The vast majority of intellectual property litigation, especially cases involving copyright, patent and trademark infringement claims,1 takes place in the federal courts. Like most cases that set out upon the litigation path, intellectual property cases are most often settled before trial; the number of cases actually tried in court is small. In 2002, for example, slightly more than 7,400 intellectual property disputes were disposed of by federal district courts.2 Less than two percent of these cases went through a trial to verdict.3
Regardless of when intellectual property lawsuits are settled, the cost of litigating is extremely high. A recent survey published by the American Intellectual Property Law Association reported that a party incurs about $2.6 million in legal fees and costs in an average patent infringement case, which usually involves claims for damages between $l-$25 million.4 More than half of this sum-about $1.49 million-is incurred up to the completion of discovery. Trademark, copyright and trade secret cases tend to cost somewhat less than patent cases because they are less technical. But even these cases can run into the high six figures or more when potential damages are large (i.e., exceeding $1 million), and there are complex legal issues and a lengthy trial is anticipated.5
Not only is litigation expensive, it is a liability on the balance sheet for as long as the lawsuit exists, which can be a decade or more in patent cases that are appealed and then retried.6 A more practical problem is that litigation continually drains a company's cash flow. And litigation is so very public.
So, when your client is faced with enforcing, or acquiescing to, an intellectual property right, the question is, "Should you advise the company to step into the ring?" The reason this question should be asked is because there are alternative, less public and less costly ways of resolving many intellectual property disputes. The most common are arbitration and mediation. These are distinctly different alternative dispute resolution (ADR) processes. This article discusses how they differ and when each should be considered.
Arbitration
Arbitration is an adjudicative process that, like a trial, has a third party decide the dispute. Thus, arbitration is a form of private judging. Because arbitration is a creature of contract, it has a major advantage over litigation: the parties can select a decision maker with expertise in the type of intellectual property dispute involved. Arbitration also has other advantages over litigation. It is potentially less costly and faster because
* it is less formal than litigation,
* it allows for less discovery,
* judicial rules of evidence typically do not apply,
* the arbitrator's award is final, binding and enforceable in court, and
* there are limited appeal rights.
The parties bear the costs of arbitration and the arbitrator's fees. The latter are generally billed at an hourly rate and can be quite high. However, because arbitration is usually a shorter process than litigation, overall costs are usually lower. You can see right away that arbitration costs less because it cuts down the scope of discovery and limits the right to appeal.
Commencing Arbitration
How do parties enter into arbitration? One way is to put an ADR clause providing for arbitration in the transaction documents, such as a patent royalty license.

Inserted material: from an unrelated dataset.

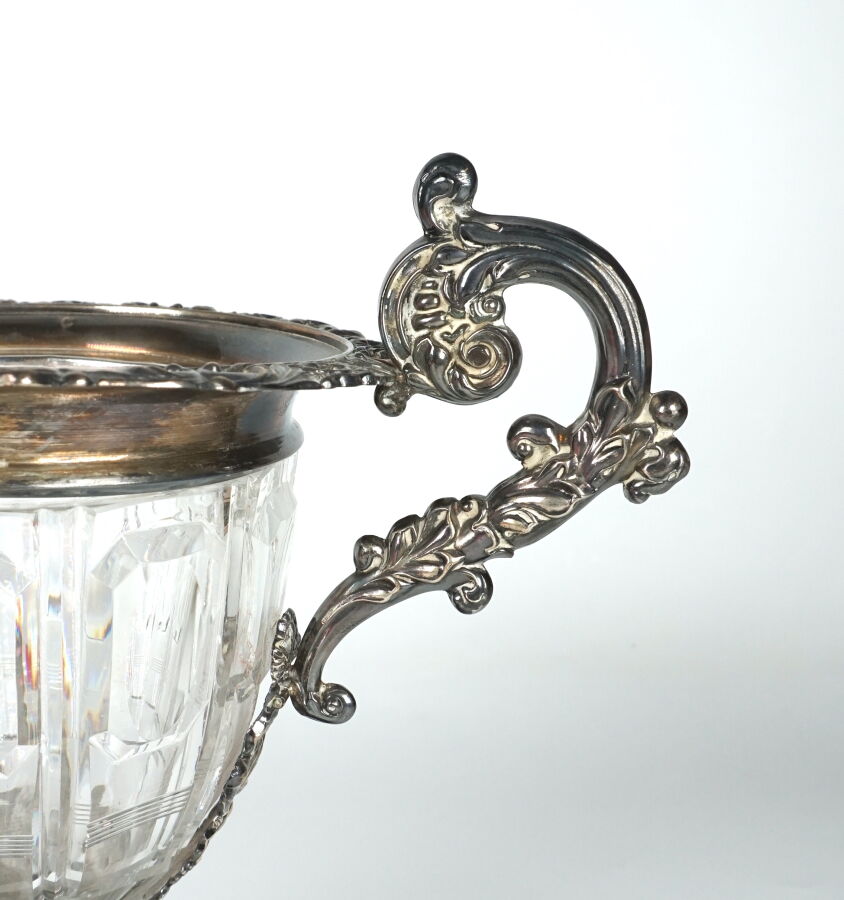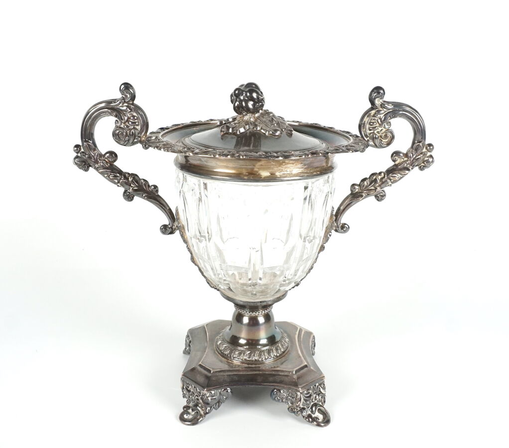 Jean-François VEYRAT (1831-1840) : Joli drageoir sur piédouche en argent, poinçon Minerve 1er titre, la monture à décor de coquilles, fleurs et feuillages accueillant une coupe ovoïde en verre taillé, les anses en enroulements terminant par une ornementation de vigne et de roseaux, le couvercle agrémenté d'une frise de perles et d'un fretel formant une courge, il repose sur une base carrée à pans coupés, terminant par 4 petits pieds feuillagés, H. 22.5 cm. Poids brut : 878 g environ.

The ADR clause usually states that the parties agree to arbitrate "any and all disputes arising out of or related to this agreement."

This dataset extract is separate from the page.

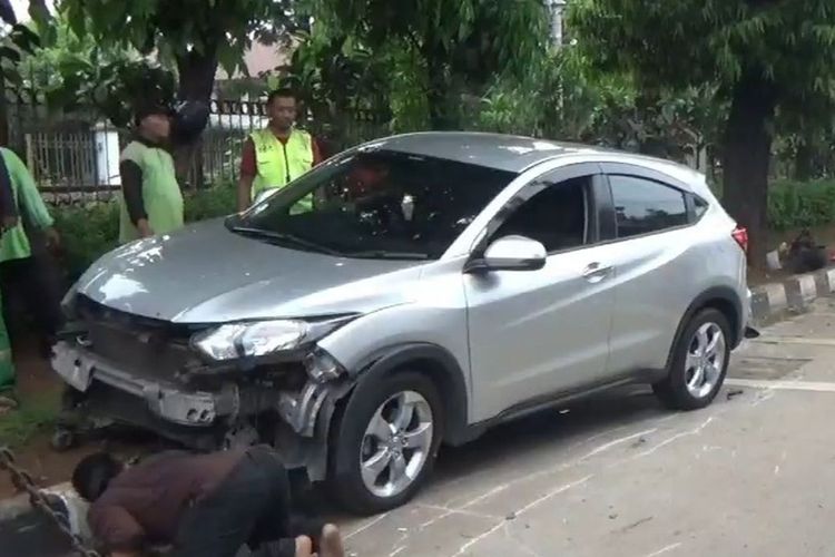 Honda HR-V terjang 6 motor petugas PJLP yang sedang istirahat. Akibatnya tiga orang dilarikan ke rumah sakit

If there is no ADR clause in the relevant documents, the parties can agree to arbitrate "post-dispute." However, by that time the parties are usually so at odds with each other that they are less likely to agree on anything.
So whenever possible, it is prudent to use a "pre-dispute" arbitration clause in the transaction documents. Having this clause can lower the temperature of the parties' heated reactions, which can distract them from objective decision making after a dispute arises. The cost of not having such a clause is that if litigation is commenced, the court might require the case to be arbitrated or mediated before a court-appointed neutral under a court-referred ADR program. This obviously takes the decision making about the process out of the parties' hands. It is much better for the parties to control the process of resolving their intellectual property dispute.
Private commercial arbitration allows the parties to have that control. Significantly, it allows them to decide on the rules and procedures that will apply to their arbitration. In most cases, parties agree to have their arbitration proceedings administered by a well-established, neutral arbitration provider, like the American Arbitration Association (AAA), which has well-tested arbitration rules, including specialized rules for patent disputes. But sometimes parties decide to use ad hoc arbitration in which the arbitrator administers the proceeding. A notable disadvantage of ad hoc arbitration is that the parties are involved in direct dealings with respect to arbitrator compensation. Administered arbitration does not have this disadvantage since the neutral arbitration provider acts as an intermediary with respect to compensation issues.